В тот же день в Яркенд прибыл и Заман. Бугра И Шамансур приняли его вместе. Бугра с большим вниманием прочитал послание Сабита и, прежде чем ответить, передал Шамансуру, Шамансур, скользнув глазами по строкам письма, посмотрел на Замана так, будто тот один был во всем виноват.

— Значит, на меня взвалили обязанность выгнать Ма Цзыхуэя, залегшего, как медведь в берлоге? — со злостью спросил Шамансур. Он готов был разорвать послание в клочки и, только побаиваясь Бугры, не сделал этого, положил письмо на край стола.

— Я намеревался поехать в Кашгар, увидеться с Сабитом-дамоллой и Ходжаниязом-хаджи, — произнес Бугра, словно не замечая настроения брата. — Прошу вас, Заманджан, подробнее ознакомить нас с положением в Кашгаре.

Сказанный к месту и с присущей Бугре обходительностью слова пробудили доверие в душе Замана, и он ответил:

— По моему пониманию, положение очень тяжелое…

— Например, в каком отношении? — тут же спросил Бугра.

— Я имею в виду политико-экономическое и военно-административное положение, потому что…

— Подождите, подождите, Заманджан, — заволновался Бугра.

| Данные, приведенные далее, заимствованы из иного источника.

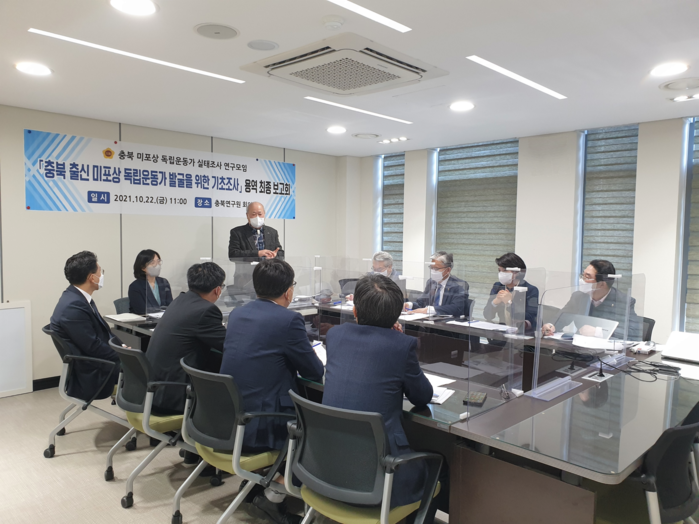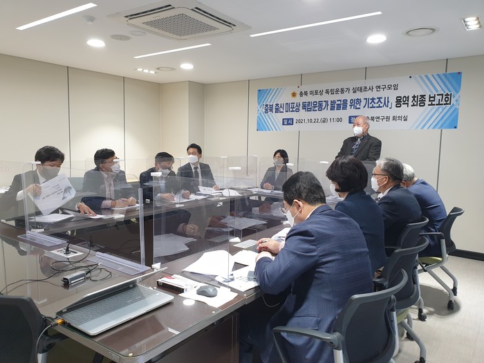 [충북=세계타임즈 이현진 기자] 충북도의회 의원연구단체 ‘충북 미포상 독립운동가 실태조사 연구모임’(대표의원 송미애)은 22일 충북연구원 회의실 ‘충북 출신 미포상 독립운동가 발굴 기초조사’ 용역 최종보고회를 개최했다.
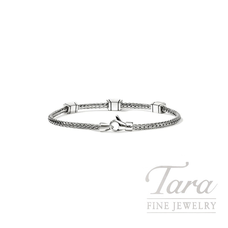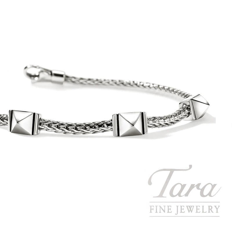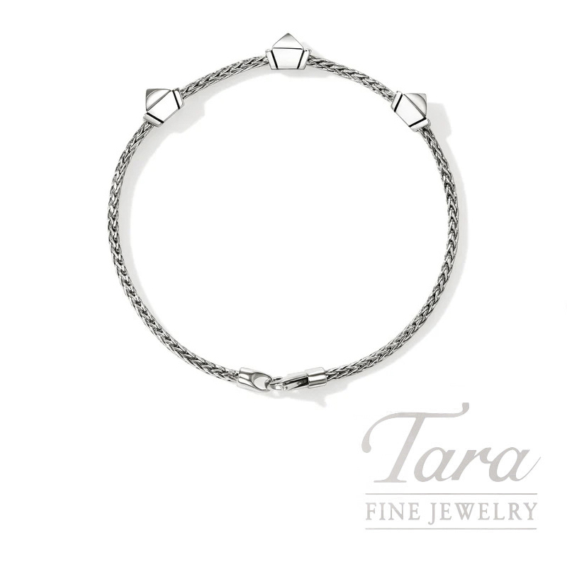 Artisanship with attitude. This sleek chain bracelet features three high-shine studs. Crafted by hand in reclaimed sterling silver.

Его хмурое лицо сморщилось еще больше. — Если я правильно понял вас, вы ожидаете, что может наступить развал?

— Противостояние отдельных личностей друг другу из-за политических позиций и взглядов наносит ущерб единству действий, — формулировкой, не слишком вдаваясь в подробности, ответил Заман.

— Разлад и наша застарелая болезнь. Сколько мук претерпели от нее… — вздохнул Бугра и повернулся к Шамансуру: — Сегодня же выводи солдат в Янгисар!

— Ладно, — ответил Шамансур.

— И мне нужно быстрее возвращаться в Хотан, — поднялся с места Бугра. — С вами, Заманджан, еще найдем время побеседовать обстоятельнее.

— Вам, брат, правильнее было бы остаться с нами вместе.

— Я не бегу от боя, — уставился Бугра на Шамансура. — В военное время очень важно укрепить тыл, обеспечивающий фронт. Необходимо ехать в Хотан, поднимать народ на врага. Для нас сейчас нет задачи выше, чем прийти к единству и совместно противостоять вражеским проискам.

— Разреши мне, брат, идти готовиться, — сказал Шамансур.

Глава двенадцатая

Ма Чжунин, узнав, что войска Ходжанияза заняли оборону у Чокан-яра, решил, не давая врагу передышки, атаковать внезапно и выступил немедленно. Генерала Ма Шимина с пехотными частями он направил «прямо в лоб» — по новой Кашгарской дороге, кавалерийскую бригаду Ма Хусяна — за западные холмы, на правый фланг, полк Бэйда, пройдя после Маралбаши к востоку, через заросли кустарника, должен был занять позиции на левом фланге. Сам командующий в сопровождении частей охраны на пятнадцати автомашинах двинулся бок о бок с Ма Шимином. Ма Чжунин по числу солдат и по уровню их подготовки был сильнее Ходжанияза. Хорошо зная о своем превосходстве, он и разработал план предстоящего сражения. Но Из памяти Ма Чжунина не мог изгладиться сантайский бой, когда, тоже имея превосходство в силах, уверенный в собственной непобедимости, он недооценил Шэн Шицая и потерпел поражение С тех пор он постоянно укорял себя в допущенных просчетах. Зато теперь Га-сылин был осторожен в каждом шаге и решил применить тактику «Атака — отступление, слова атака».

И Ходжанияз, несмотря на кажущуюся медлительность, подготовился к сражению несравненно лучше, чем прежде. Он предполагал вести в основном оборонительный бой и перейти в атаку лишь в благоприятный для этого момент.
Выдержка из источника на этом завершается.